Глава 1
Я стою на вершине ржавого холма и поджигаю деревянную церквушку с лысым куполом. Не то, чтобы я сильно не люблю Господа Бога нашего, но когда добрая половина православных попов в стране не прочь тобою отужинать, то к религии волей-неволей начинаешь относиться настороженно.
Что уж говорить про злую половину. С ними вообще лучше не связываться, да видно судьба-хозяюшка как нарочно сводит меня со святыми подвижниками религиозных культов.
Жирный, склизкий и раздобревший на невинно убиенных старушках батюшка, визгливо орет из-за запертых дверей. Еще бы! Даже кровожадные зомби не выносят, когда огонь подпаливает их обуреваемые похотью чресла.

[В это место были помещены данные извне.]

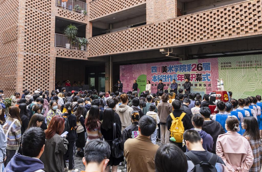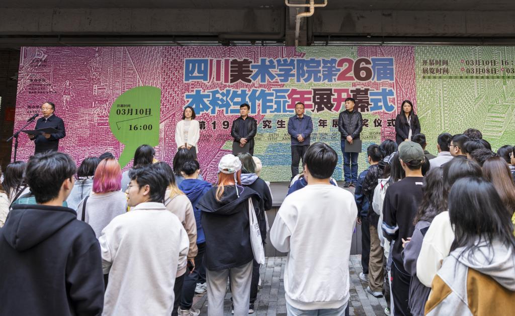 段胜峰在致辞中表示,二十六年来,年展一直作为学校一个以创作带动教学、提高学生创作水平、挖掘推出更多优秀作品和创作人才与学术交流的重要平台。鼓励同学们探索自己边界的可能,打破创作局限,与时代、与大众、与人民共鸣。他指出,青年艺术工作者要积极担当社会责任,用艺术的感染力和影响力宣传贯彻党的二十大精神,展现川美师生永远跟党走,奋进新征程的决心与力量。在实现第二个百年奋斗目标的征程上,创作出无愧于时代的作品,书写 新辉煌!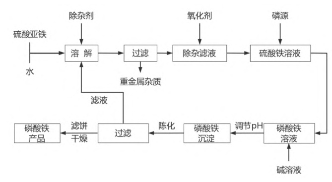 利用鈦白副產(chǎn)硫酸亞鐵制備電池級磷酸鐵產(chǎn)品,可以極大地解決鈦白副產(chǎn)硫酸亞鐵過剩產(chǎn)能,在提高硫酸亞鐵產(chǎn)品附加值的同時,可以在一定程度上緩解磷酸鐵產(chǎn)品市場緊缺的情況。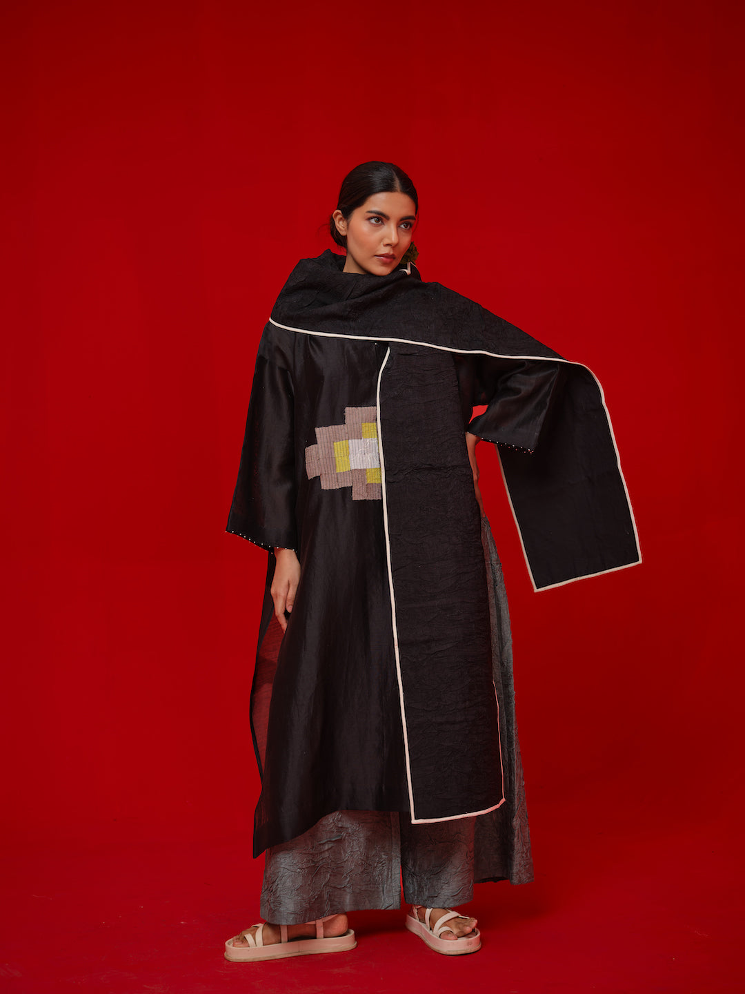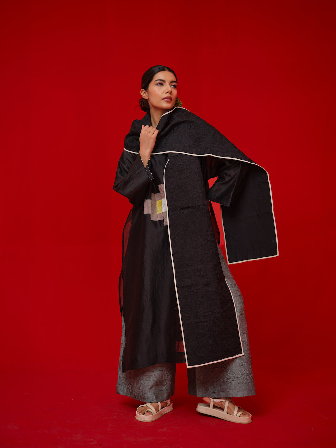 A scarf crafted in hand-crushed silk, crushed in-house. Finished with contrasting edge binding for a clean, refined look.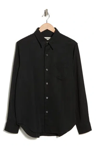 Breeze Short Sleeve Linen & Cotton Button-up Shirt In Black

Или не обуреваемые? Я как-то раз видел сношение мертвых людей. Это напоминало нечто среднее между пиршеством каннибалов и повальной общажной оргией. А может то были обычные живые извращенцы, без страха и упрека. Нынче их тьма-тьмущая народилась.
Шут с ним, никогда не вдавался в такие тонкости.
Достаточно того, что эта бородатая скотина выпрыгнула на меня из-за иконостаса, когда я рубил на щепы крашеные доски. Их полно было, я прямо со стен отдирал или из окаменевших старушечьих рук, растущих, казалось, прямо из пола. Иконы в мире живых мертвецов практической ценности имеют мало. Разве что как топливо для костра. Вера в мире тотальной рациональности страдает первой.
Батюшка был ужасен еще при жизни: медвежий, двухметровый рост, окладистая борода, теперь свалявшаяся в кровавый клинышек, суровый разлет бровей и толстые, почти негритянские губы. Глаза безумные, перемазан в кровище, рычит так с подвыванием, будто его минуту назад торжественно оскопил сонм небесных ангелов. До Зомбикалипсиса таких приходских батюшек знали примерными семьянинами, осененными гроздью счастливых детишек. Судя по внешнему виду зомби, своих детей он сожрал первыми.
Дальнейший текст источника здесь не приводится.